> Records shown
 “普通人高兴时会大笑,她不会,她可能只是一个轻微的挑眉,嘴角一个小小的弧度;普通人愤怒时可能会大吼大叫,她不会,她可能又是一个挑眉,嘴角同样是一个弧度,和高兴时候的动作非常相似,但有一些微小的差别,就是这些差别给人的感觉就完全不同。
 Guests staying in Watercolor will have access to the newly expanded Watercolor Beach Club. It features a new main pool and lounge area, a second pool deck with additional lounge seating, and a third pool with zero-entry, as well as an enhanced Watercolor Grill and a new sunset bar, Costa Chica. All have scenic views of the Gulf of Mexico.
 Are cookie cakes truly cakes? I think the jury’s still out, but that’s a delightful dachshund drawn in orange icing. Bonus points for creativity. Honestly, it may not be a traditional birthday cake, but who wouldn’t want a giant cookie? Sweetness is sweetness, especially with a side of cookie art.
==
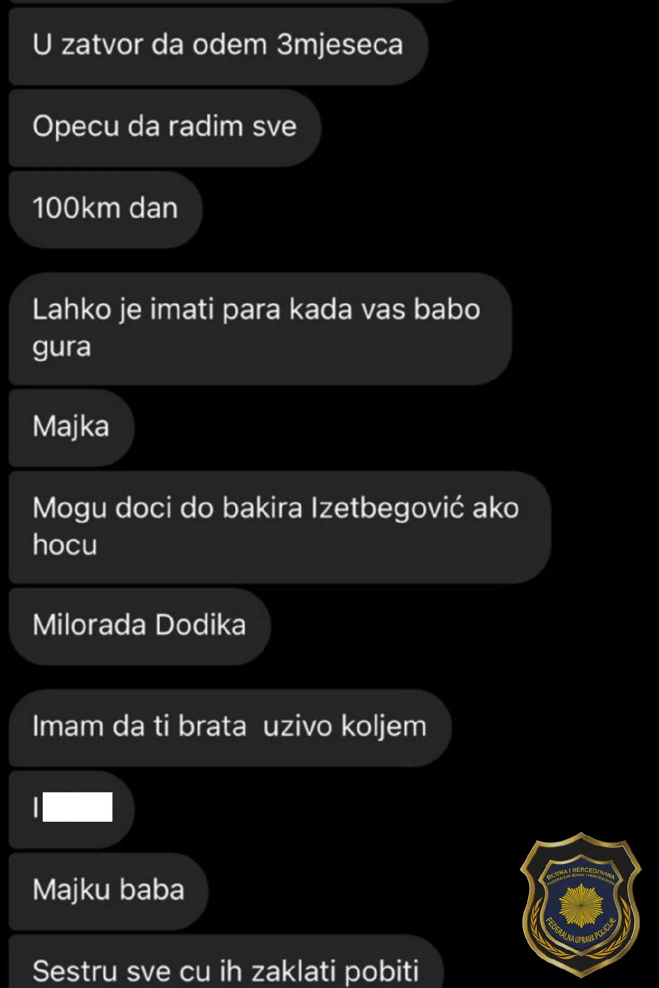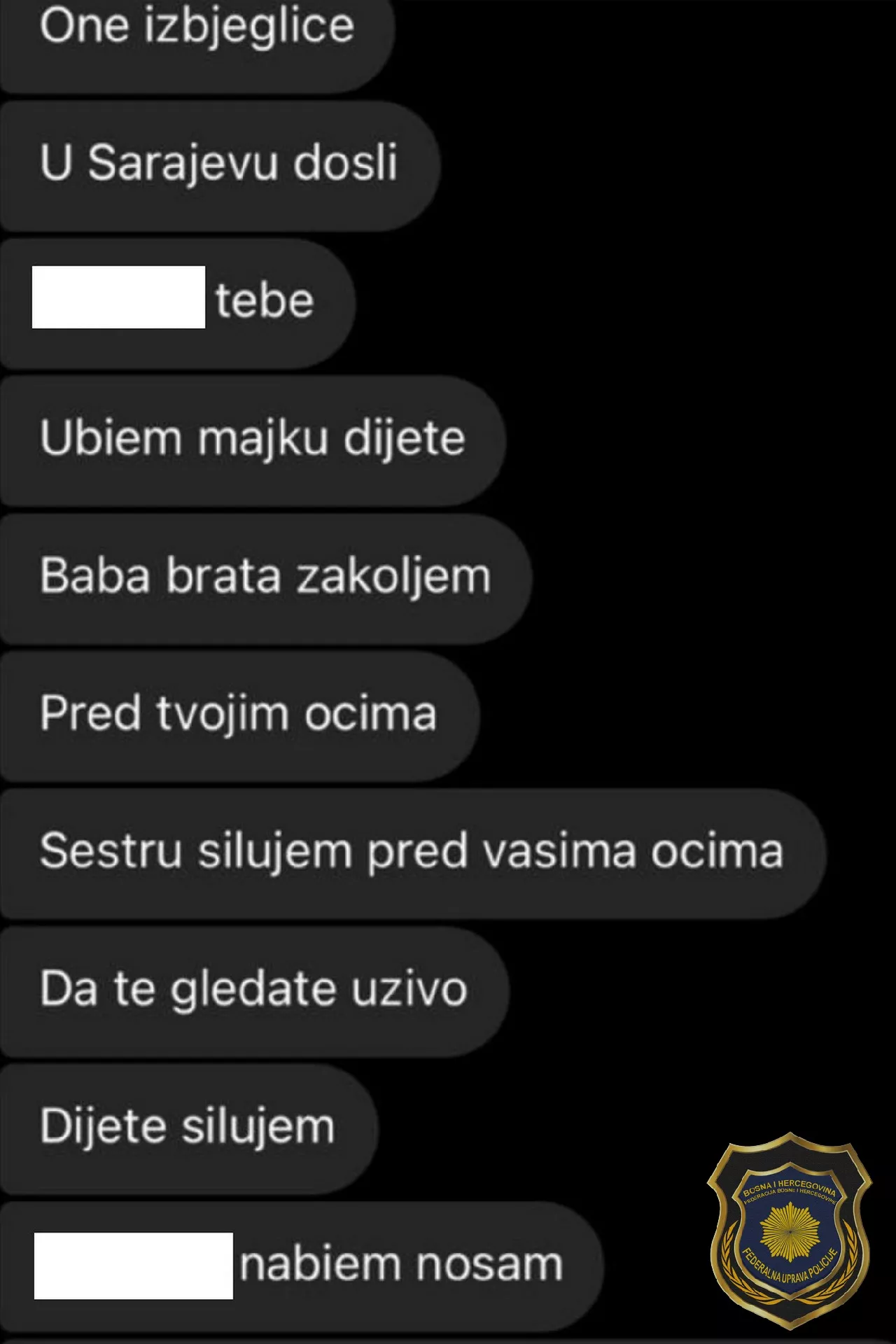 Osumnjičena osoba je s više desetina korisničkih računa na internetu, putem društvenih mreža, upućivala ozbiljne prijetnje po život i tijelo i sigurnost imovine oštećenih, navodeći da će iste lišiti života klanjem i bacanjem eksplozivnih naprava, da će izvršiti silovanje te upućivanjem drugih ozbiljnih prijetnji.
...
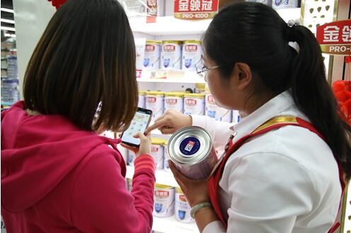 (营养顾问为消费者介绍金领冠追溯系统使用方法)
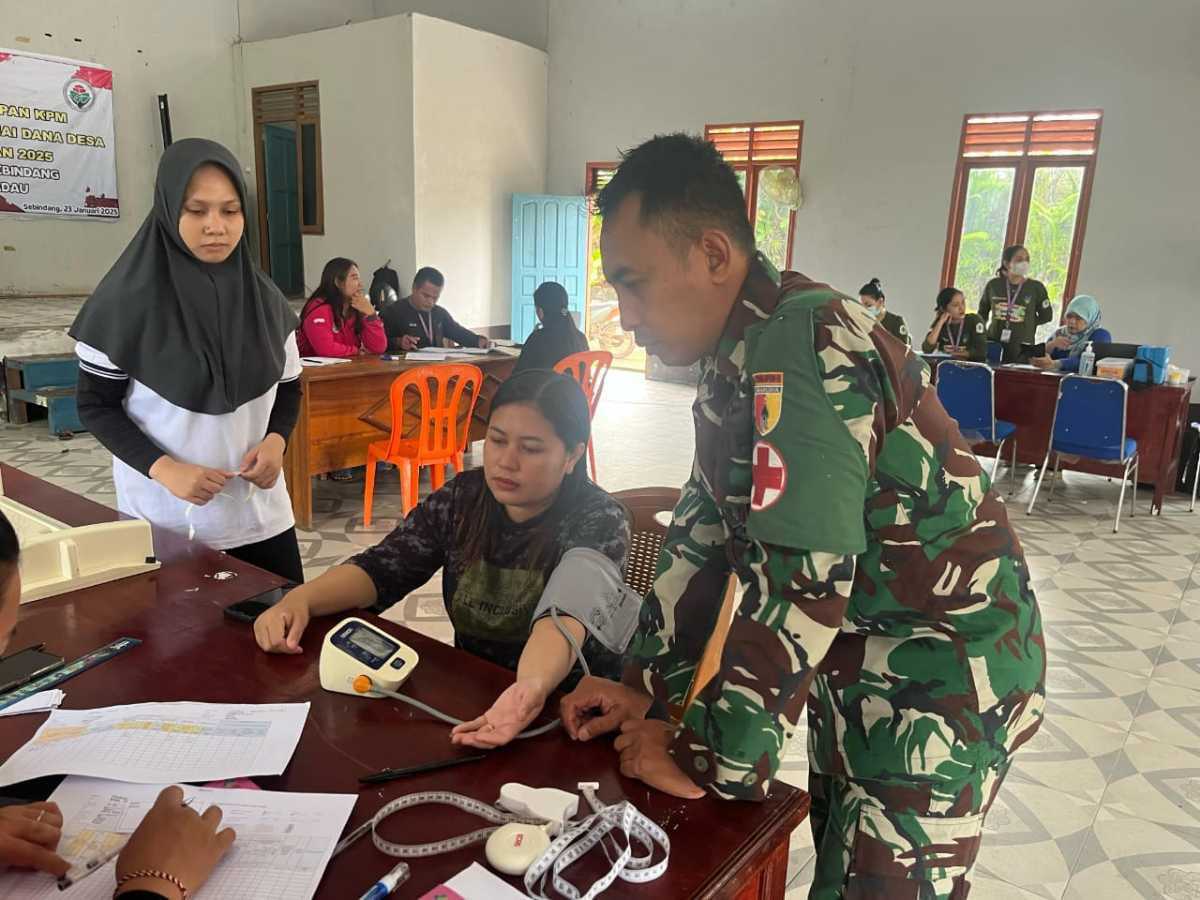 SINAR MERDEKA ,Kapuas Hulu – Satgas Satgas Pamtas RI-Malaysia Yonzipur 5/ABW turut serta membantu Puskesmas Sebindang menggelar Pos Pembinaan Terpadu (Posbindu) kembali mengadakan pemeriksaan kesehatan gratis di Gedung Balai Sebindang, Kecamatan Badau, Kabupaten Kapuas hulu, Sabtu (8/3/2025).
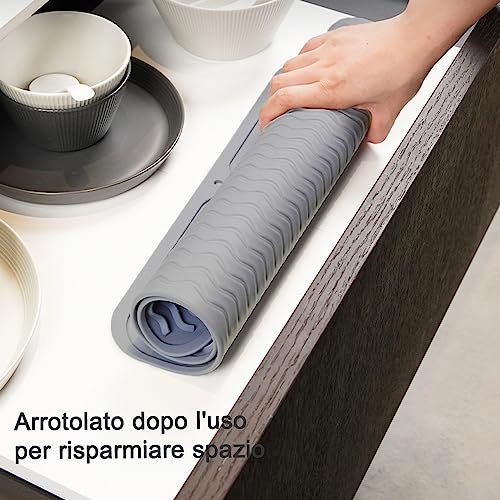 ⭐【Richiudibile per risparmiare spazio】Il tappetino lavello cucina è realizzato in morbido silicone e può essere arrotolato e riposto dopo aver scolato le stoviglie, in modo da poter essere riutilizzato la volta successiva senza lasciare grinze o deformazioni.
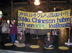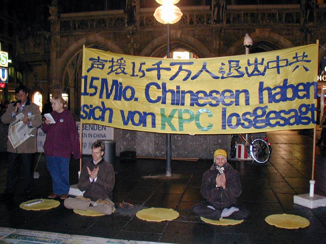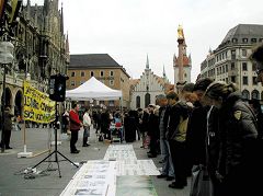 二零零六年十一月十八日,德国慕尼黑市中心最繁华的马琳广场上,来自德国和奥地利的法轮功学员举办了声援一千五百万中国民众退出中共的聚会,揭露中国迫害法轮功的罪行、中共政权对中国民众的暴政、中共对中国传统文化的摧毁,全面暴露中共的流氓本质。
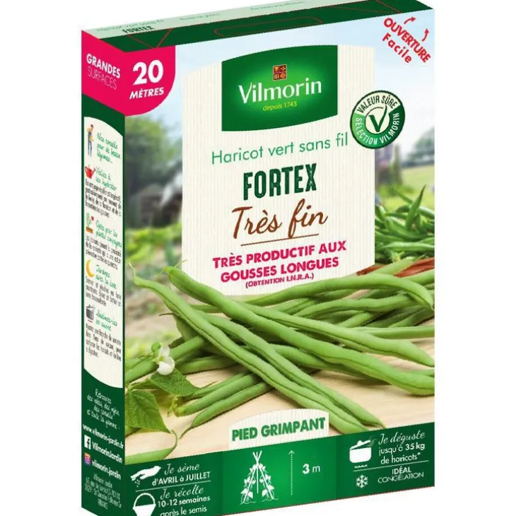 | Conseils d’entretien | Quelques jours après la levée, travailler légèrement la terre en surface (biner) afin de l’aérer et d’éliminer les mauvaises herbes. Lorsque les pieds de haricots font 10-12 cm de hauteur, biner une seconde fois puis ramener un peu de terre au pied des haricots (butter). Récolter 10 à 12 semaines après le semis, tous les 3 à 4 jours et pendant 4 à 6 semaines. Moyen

> What to do
Now copy each line of the entries that mentions "with".

> Task response
 Guests staying in Watercolor will have access to the newly expanded Watercolor Beach Club. It features a new main pool and lounge area, a second pool deck with additional lounge seating, and a third pool with zero-entry, as well as an enhanced Watercolor Grill and a new sunset bar, Costa Chica. All have scenic views of the Gulf of Mexico.
 Are cookie cakes truly cakes? I think the jury’s still out, but that’s a delightful dachshund drawn in orange icing. Bonus points for creativity. Honestly, it may not be a traditional birthday cake, but who wouldn’t want a giant cookie? Sweetness is sweetness, especially with a side of cookie art.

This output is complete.